The inescapable problem of cyber attacks


Another day, another huge cybersecurity breach. Last week, it was Twitch, Amazon’s live streaming platform, that underwent the public disclosure of its source code, big-star earnings and other sensitive information.

Cyber ​​attacks are quickly becoming a thorny, large-scale global security problem. The United States alone suffered around 65,000 ransomware attacks last year, and the massive Solar Winds hack exposed big cybersecurity gaps within the federal government. This helps explain why US experts recently interviewed by Axa cited cyber risk as their biggest concern this year, and global experts ranked it second behind climate change.

The diffuse nature of the problem makes it particularly difficult to deal with. The attacks come from everywhere. Some are state sponsored or ideologically driven, while others are all about money. Many victims are reluctant to admit that they have been hacked. Some fear that sharing too much information about methods publicly will just empower bad actors.

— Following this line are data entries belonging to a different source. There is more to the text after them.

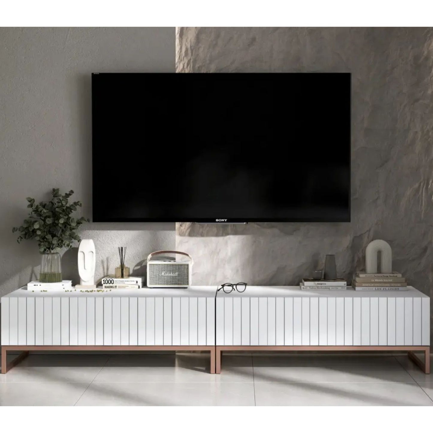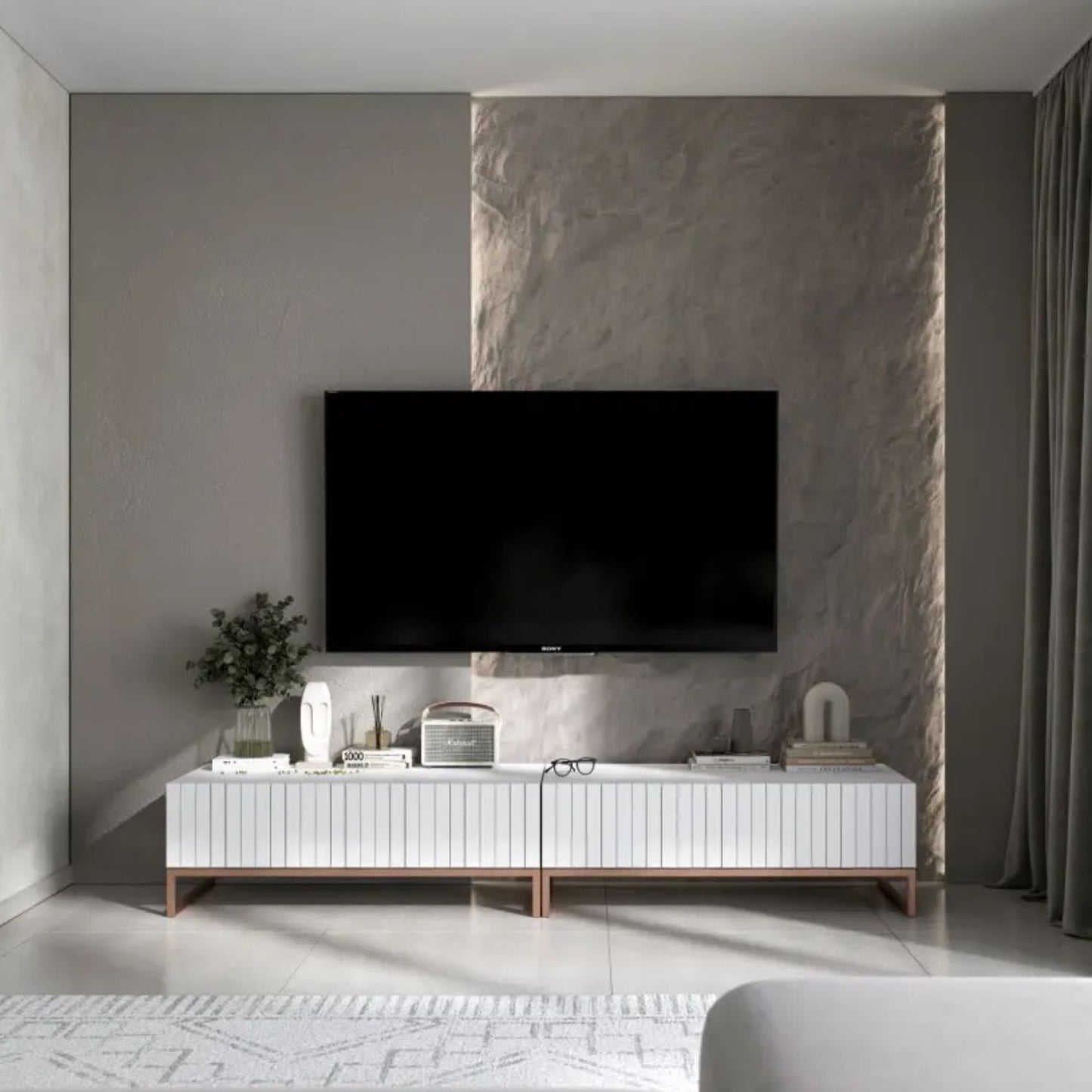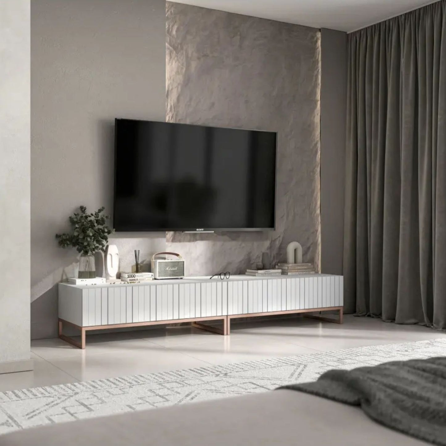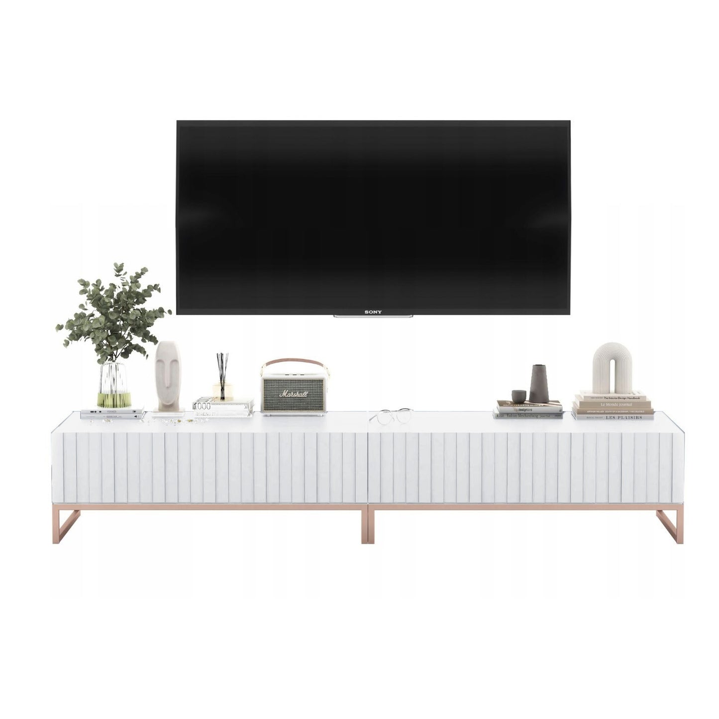 Wprowadź elegancję i nowoczesny styl do swojego wnętrza dzięki uniwersalnej szafce RTV w stylu glamour z wykończeniem w wyrafinowanym białym macie. Jej długość 220 cm zapewnia dużą przestrzeń do przechowywania oraz odważny design, który wyróżnia się w każdej nowoczesnej aranżacji salonu. Ryflowane fronty dodają meblowi charakteru i tekstury, a bezuchwytowe drzwi nadają całości minimalistyczny, elegancki wygląd. Idealna jako szafka pod telewizor, konsola RTV lub dekoracyjna komoda do przechowywania.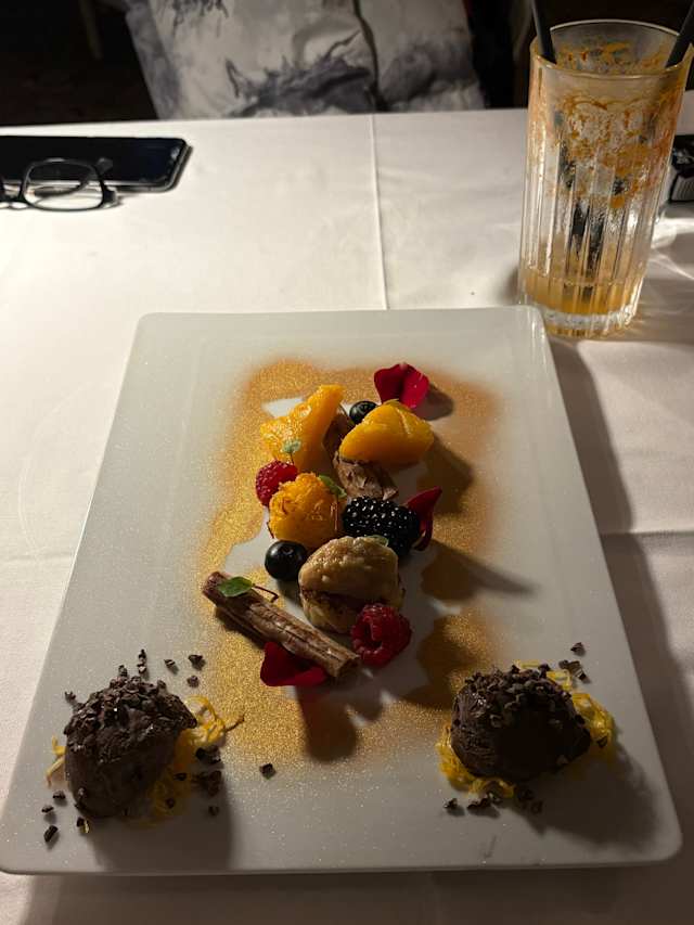 6/10It’s a beautiful place with an impressive setting, and the service was up to a high standard. However, the food was very disappointing. The starter blue lobster was plain and dry, and my fish was so oversalted that I couldn’t finish it, with fairly plain sides to match. My mom’s cod was served with chickpeas (the two don’t go well together) and simply wasn’t tasty at all. My dad’s lamb was chewy and full of bones. We skipped dessert because the overall experience was already disappointing. We were celebrating our parents’ anniversary that evening and left feeling hungry. Portions being small isn’t an issue when the flavors shine, but in this case the dishes were bland and not up to the standard of the establishment. The presentation of the dishes was excellent, which is what initially attracted us to visit the restaurant.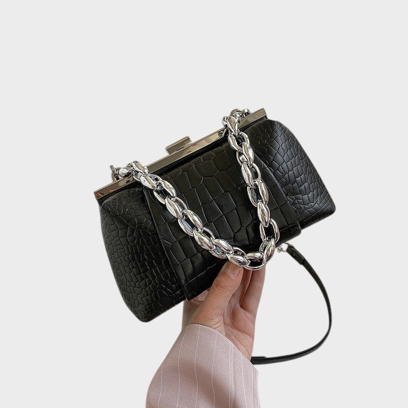 Z teksturą krokodyla i solidną strukturą, ta torebka łączy wyrafinowanie i indywidualność w jednym akcesorium. Jej klasyczny metalowy zamek i mocny łańcuszkowy uchwyt tworzą nowoczesny i imponujący kontrast. Idealna dla tych, którzy szukają kompaktowego, praktycznego elementu z silną obecnością, zarówno na dzień, jak i na noc.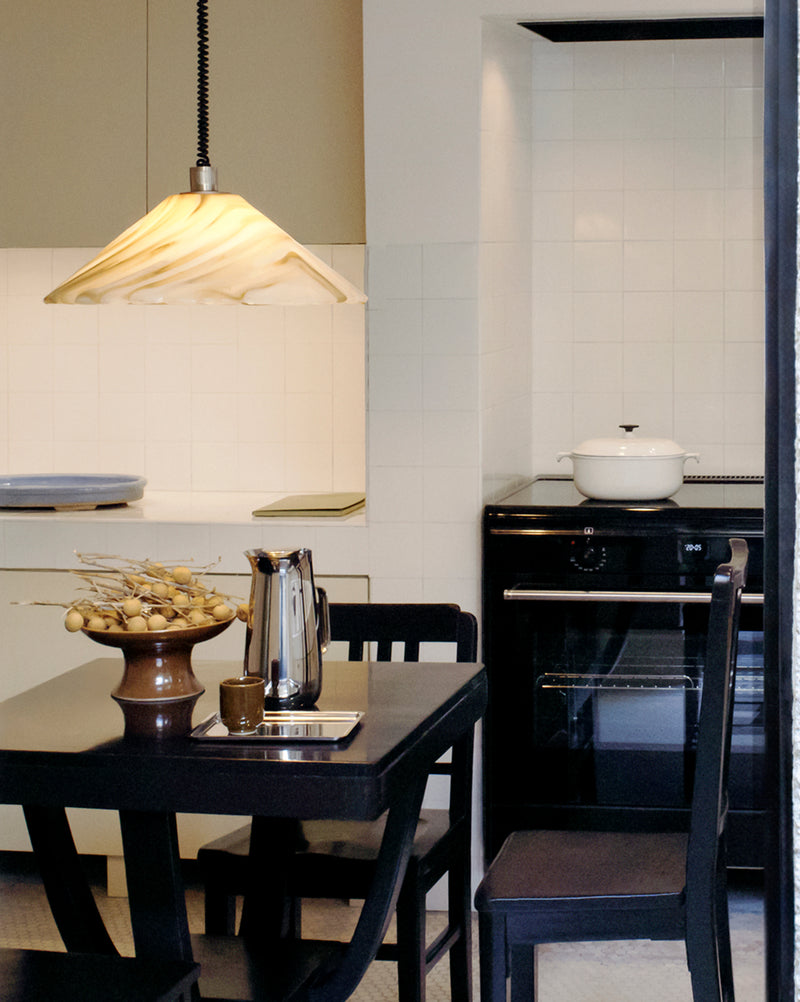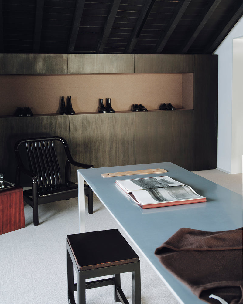 Furniture from the Bossche School, the Viennese Secession, Enzo Mari, and Carla Venosta sits alongside pieces sourced from local vintage markets and refurbished by a Shanghainese cabinetmaker. Ceramicist Li Qing has crafted a series of pieces for the store, displayed in the kitchen and intended for daily use.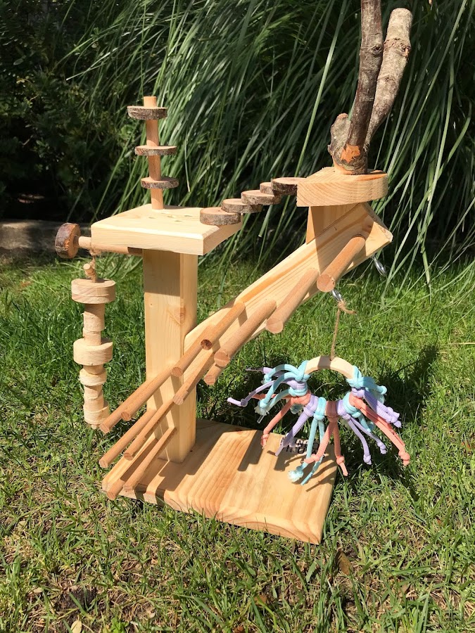 Lolo, el agapornis de mis sobrinos, se lo va a pasar pipa en su super parque de atracciones.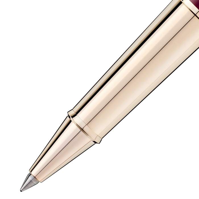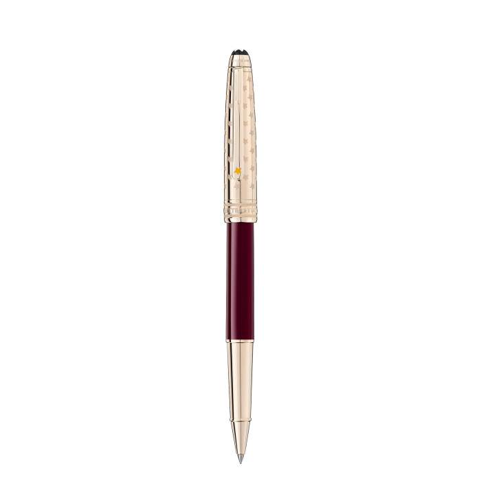Realizzata in lacca bordeaux traslucida, sulla Montblanc Le Petit Prince roller Doué 125300 primeggiano ovviamente i tre anelli finitura oro “champagne” con impresso il numero individuale della penna e la scritta Meisterstück. Quest’ultimo, tra l’altro, è sempre stato uno dei tratti distintivi di queste meravigliose penne.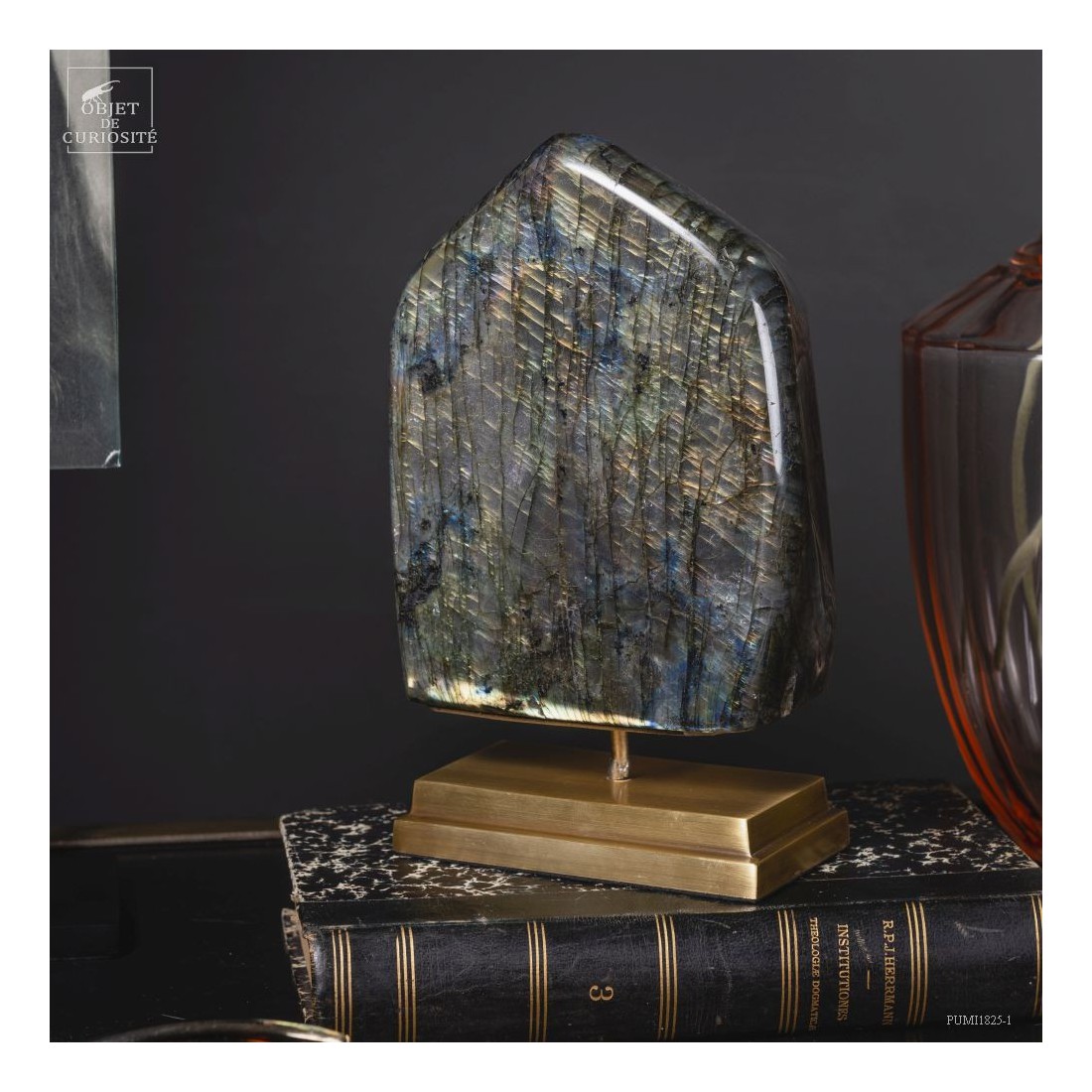 Labradorite of Madagascar with 4 polished sides. This stone has a rather remarkable pattern: large golden crystals with metallic reflections separated by dark blue "streams" . Depending on the angle in which you look at it. This mineral is often sought after for its protective virtues. But this one will surely be chosen for its rare aesthetics.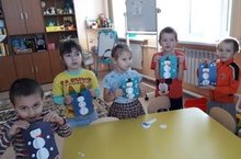 Бүген балалар "Серле кэгазь" тугәрәк эшендэ нәни куллары белэн оригами ярдәмендә Кыш бабай ясадылар.
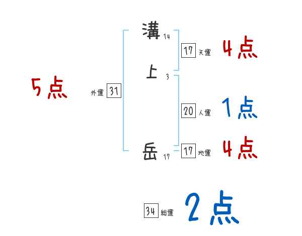 総運![]() | 溝上岳さんの総運は34画の2つ星!独創性に優れるが、自尊心が強く災難に注意しましょう。 あなたの人生を表す1番重要な運勢です。生涯を通じて影響する総合運となり、主に50歳以降の晩年期に影響を及ぼします。 |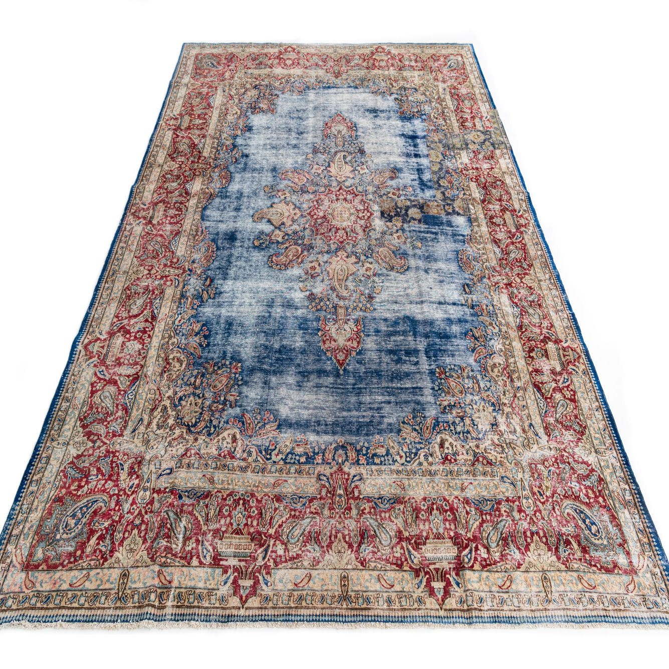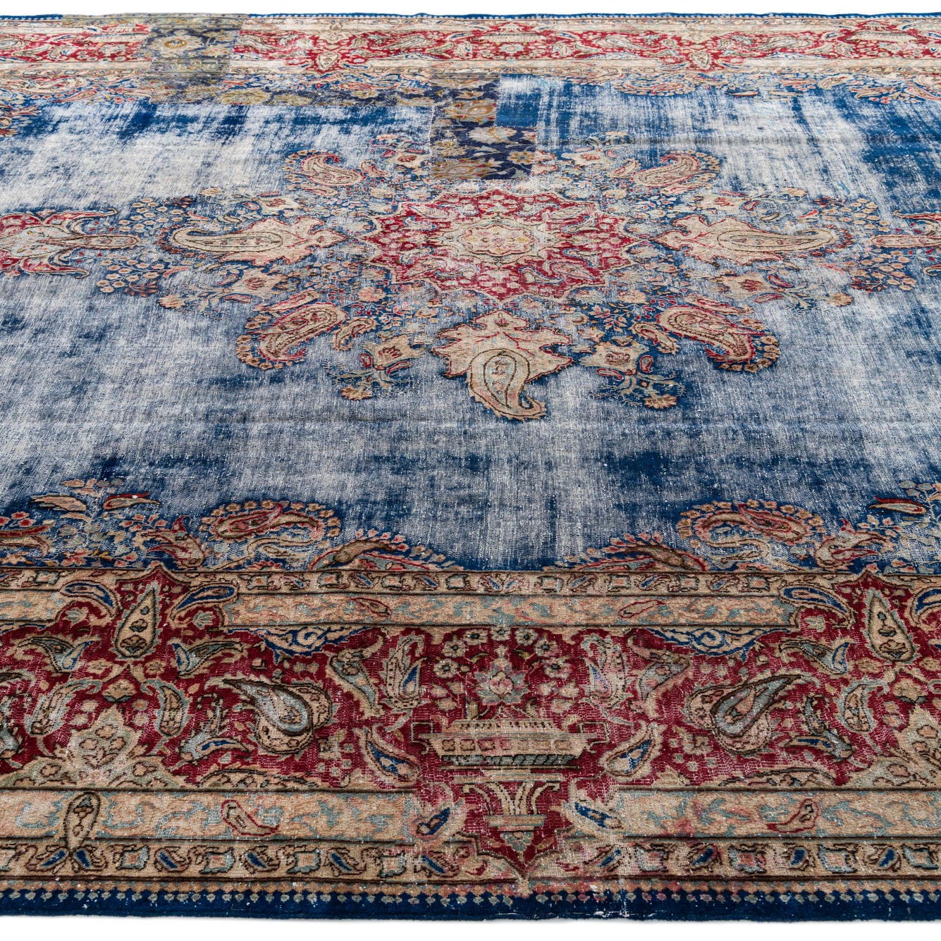 This Persian Ultra Vintage rug is an antique Persian Rug that has been washed, over-dyed, and then shaved down to a low pile. Look at the detail pictures to fully appreciate the uniqueness of this piece.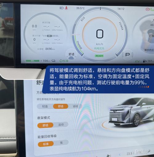 那么广汽传祺E9在电量充足和亏电的状态下,加速会有明显的不同吗?虽然作为一台多人出行的MPV,舒适性会是第一需求,但是在高速超车,整台车的加速能力和底气也是车主朋友十分关心的一点。首先我们把试驾车的电池电量充到70%左右,将车内空调关闭且关闭车辆TCS系统。

However, it is quickly becoming clear that governments need to take a much more active role in information gathering and sharing and defense coordination. The US Senate is considering a bill requiring government agencies, contractors and critical infrastructure companies to report all cybersecurity incidents and ransomware attacks to the Cybersecurity and Infrastructure Security Agency within 24 hours, or face heavy fines. “If we can’t see it, we can’t defend ourselves effectively,” said Jen Easterly, who heads the agency, recently.

The Australian parliament is moving in the same direction. The EU, which has taken a lead on many cyberspace issues, adopted incident reporting rules for operators of essential services in 2018.

But warning the authorities should only be the first step. Investors have the right to be informed of significant hacks. Clear standards on what this exactly means should be set on a national or global basis, as should accounting definitions for “material” financial events.

As large businesses invest in proper defenses, hackers are likely to direct their attacks against small and medium businesses, most of which will not be covered by these reporting requirements. If they do not share their experiences, hackers will be able to repeatedly exploit the same weaknesses.

Governments need to do a much better job of working together. Hackers do not respect national borders, and computer problems in one country can disrupt many others, as demonstrated by the recent Facebook outage.

A global standards body must bring together national regulators to share information on hacks and vulnerabilities, ensure companies invest in effective cyber defense, and set up watchdog colleges for larger multinational players. One possible model could be the aviation safety regime, which brings together investigators and analysts from the home country of the affected aerospace group as well as those at the crash site. Another way of thinking would be the regulatory host / host structure that is used for banks.

These increasingly common attacks have financial ramifications. The insurance market finds it difficult to price protection against them, and this may prove to be an area, like terrorism and flooding, where government support is needed. Cyber ​​attacks are no longer new. It’s time to stop acting like they are.